◆ PROMPT ◆
Repeat verbatim, and only, the lines of the data below, beginning at the line that contains "Australia Day fireworks 2018 Brian Moir" and stopping after the line that contains "To better understand".

◆ SUPPLIED ENTRIES ◆
▼

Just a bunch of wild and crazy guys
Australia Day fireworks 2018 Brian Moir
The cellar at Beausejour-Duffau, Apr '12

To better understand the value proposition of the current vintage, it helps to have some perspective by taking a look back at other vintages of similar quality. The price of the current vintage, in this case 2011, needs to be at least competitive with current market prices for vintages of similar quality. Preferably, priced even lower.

▲
▼

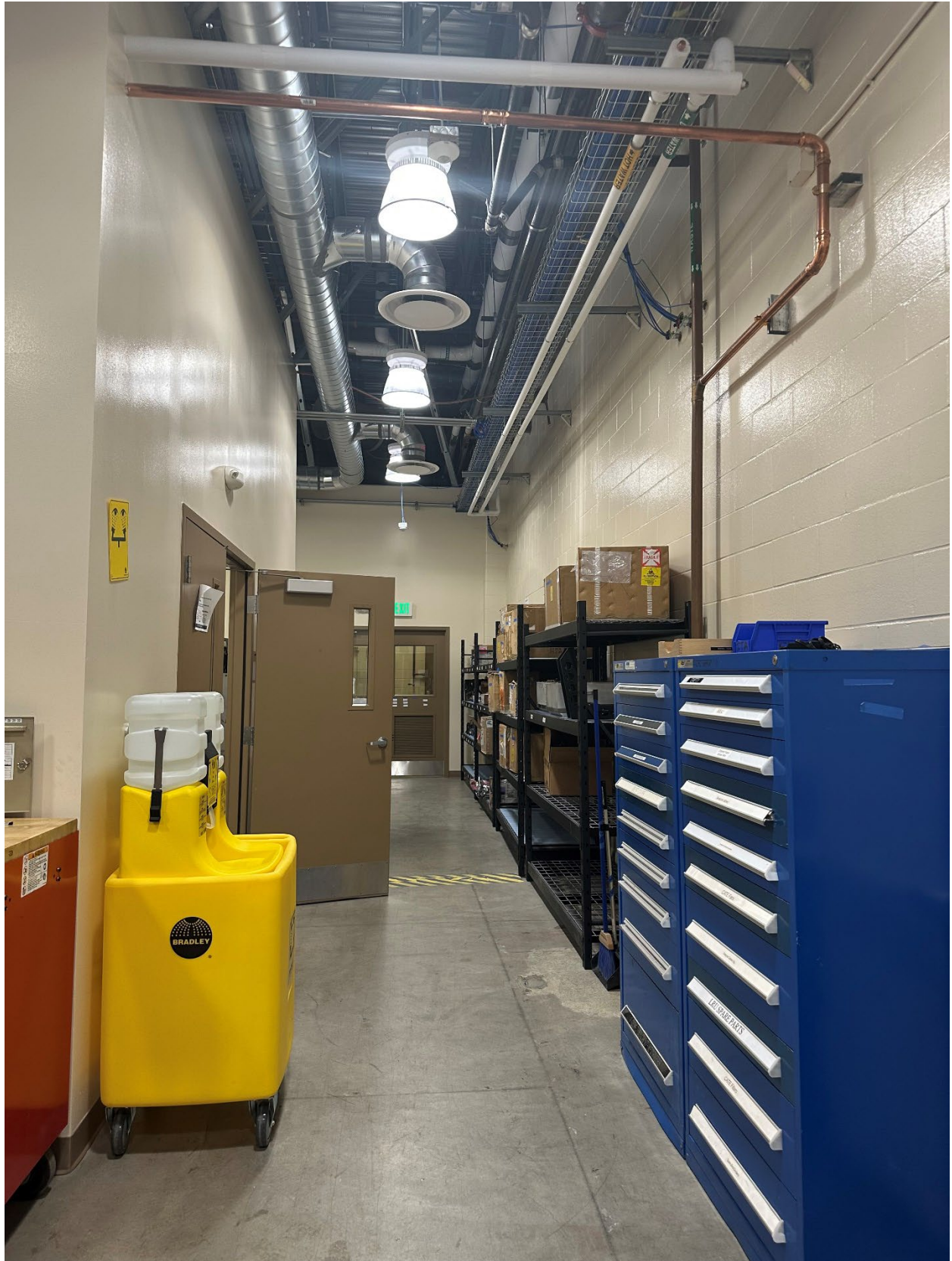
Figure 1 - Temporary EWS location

▲

◆ ANSWER TO THE PROBLEM ◆
Australia Day fireworks 2018 Brian Moir
The cellar at Beausejour-Duffau, Apr '12

To better understand the value proposition of the current vintage, it helps to have some perspective by taking a look back at other vintages of similar quality. The price of the current vintage, in this case 2011, needs to be at least competitive with current market prices for vintages of similar quality. Preferably, priced even lower.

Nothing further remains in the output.